- [AVAILABLE DATA]
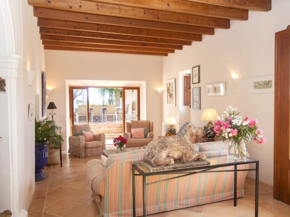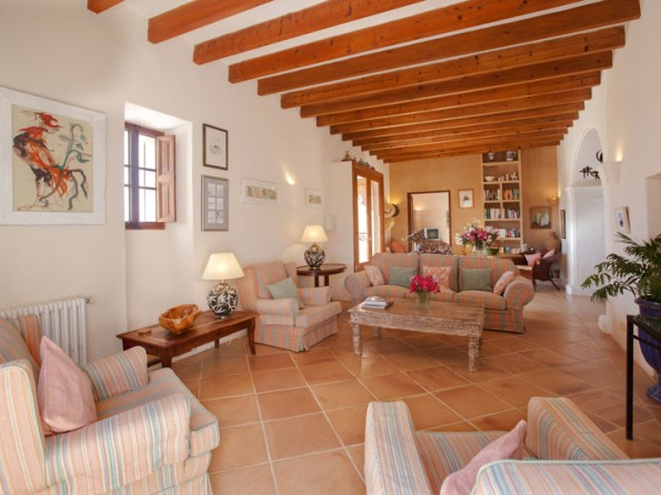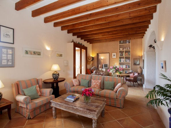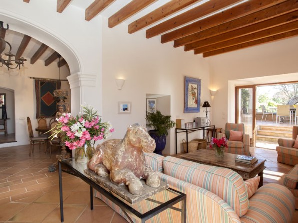Es Pins sleeps ten in three doubles and two twins, and it features antiques, ancient wood beams, thick stone walls and spacious cool interiors throughout. All of the bedrooms have ceiling fans and en-suite bathrooms, there is a fully fitted farmhouse kitchen and the large lounge/dining room with its old beamed ceiling has a table to seat 10 and a separate area with a sofa and easy chairs. From here you can access the terrace. The living space is well equipped with a music system, CDs, and books, and there is also an elegant music room with an original tiled floor, a satellite TV/DVD player and doors leading to the patio.
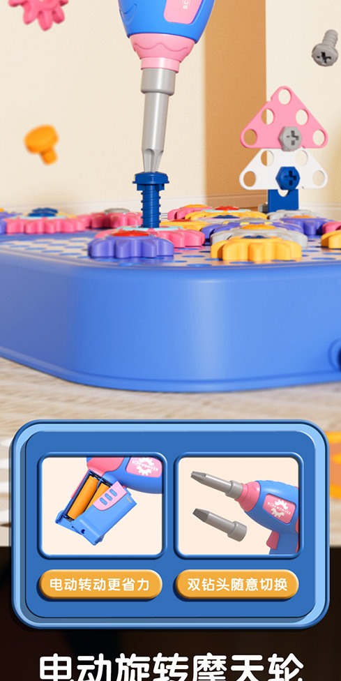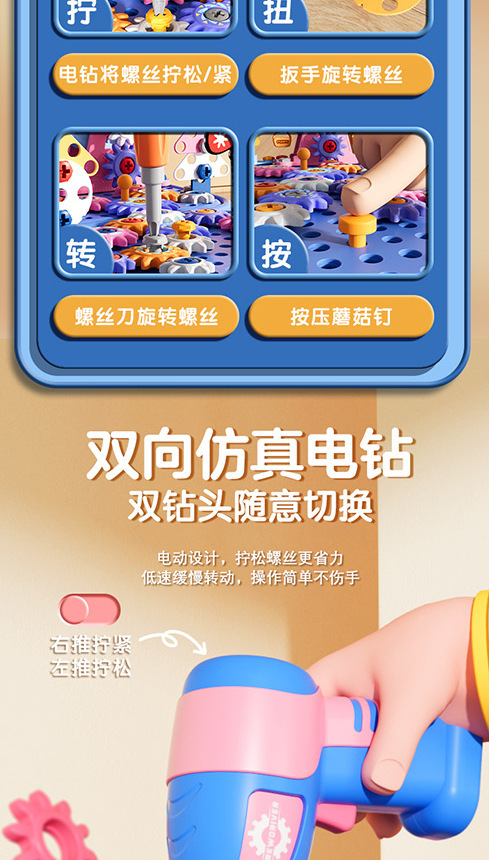 仿真拧螺丝钉工具箱 电钻DIY动手拆卸电钻组装拼益智男孩儿童玩具
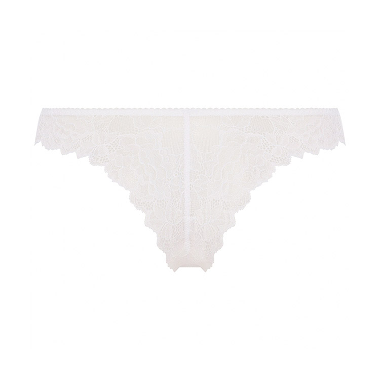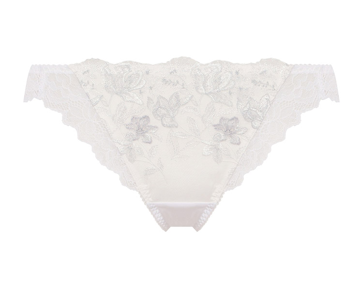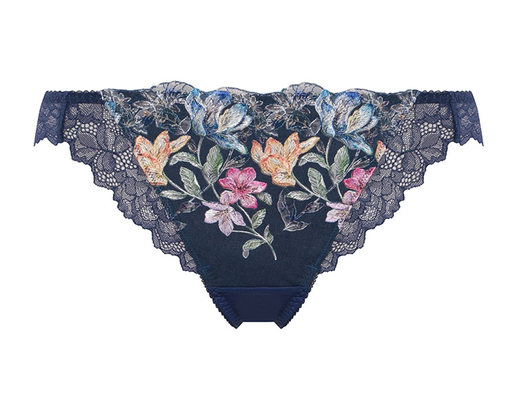 ロマンチックなプリントエンブレースをフロントにあしらい、フロント脚口とヒップ部分にストレッチレースを使用したプレミアム感あふれる華やかなデザインです。
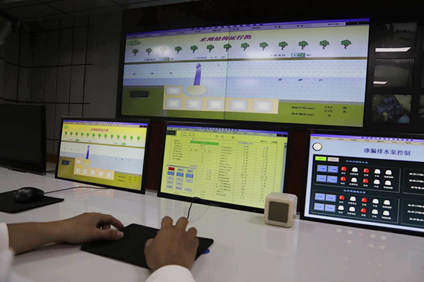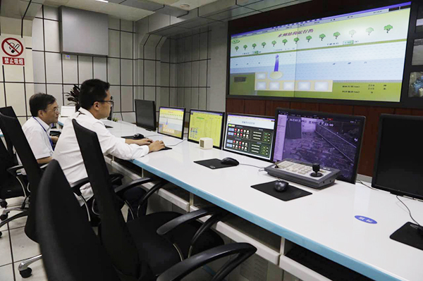 苏州河口水闸管理所,大屏幕显示了水闸结构运行图。
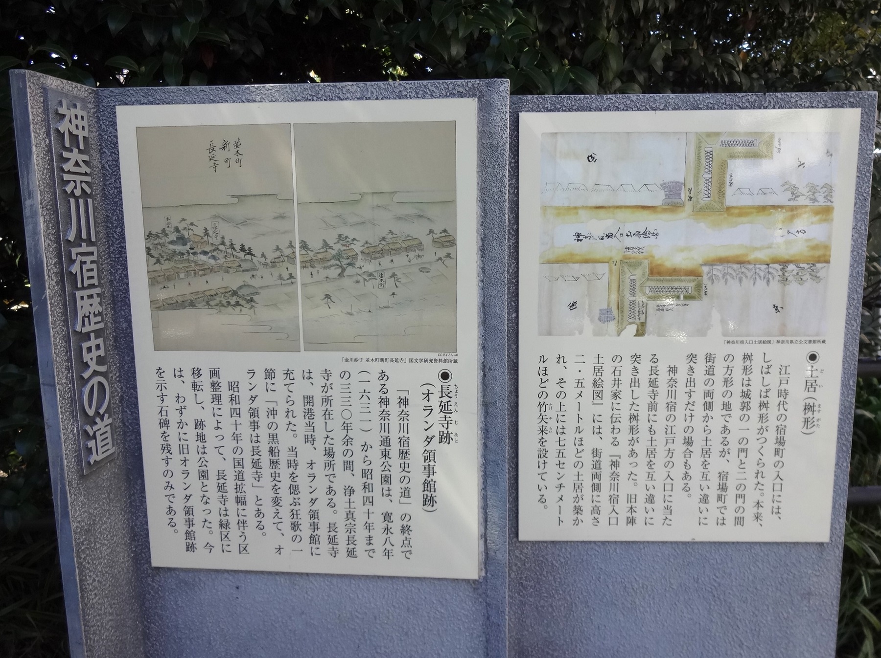「神奈川宿歴史の道」の終点である神奈川通東公園は、寛永8年(1631)から昭和40年までの330年余の間、浄土真宗長延寺が所在した場所である。長延寺は、開港当時、オランダ領事館に充てられた。当時を偲ぶ狂歌の一節に「沖の黒船歴史を変えて、オランダ領事は長延寺」とある。昭和40年の国道拡幅に伴う区画整理によって、長延寺は緑区に移転し、跡地は公園となった。今は、わずかに旧オランダ領事館跡を示す石碑を残すのみである。

- [ACTIVITY] Please copy exactly, and only, the lines from the one that contains "仿真拧螺丝钉工具箱 电钻DIY动手拆卸电钻组装拼益智男孩儿童玩具" through the last line of the data above, omitting all pictures.

- [OUTPUT]
 仿真拧螺丝钉工具箱 电钻DIY动手拆卸电钻组装拼益智男孩儿童玩具
 ロマンチックなプリントエンブレースをフロントにあしらい、フロント脚口とヒップ部分にストレッチレースを使用したプレミアム感あふれる華やかなデザインです。
 苏州河口水闸管理所,大屏幕显示了水闸结构运行图。
「神奈川宿歴史の道」の終点である神奈川通東公園は、寛永8年(1631)から昭和40年までの330年余の間、浄土真宗長延寺が所在した場所である。長延寺は、開港当時、オランダ領事館に充てられた。当時を偲ぶ狂歌の一節に「沖の黒船歴史を変えて、オランダ領事は長延寺」とある。昭和40年の国道拡幅に伴う区画整理によって、長延寺は緑区に移転し、跡地は公園となった。今は、わずかに旧オランダ領事館跡を示す石碑を残すのみである。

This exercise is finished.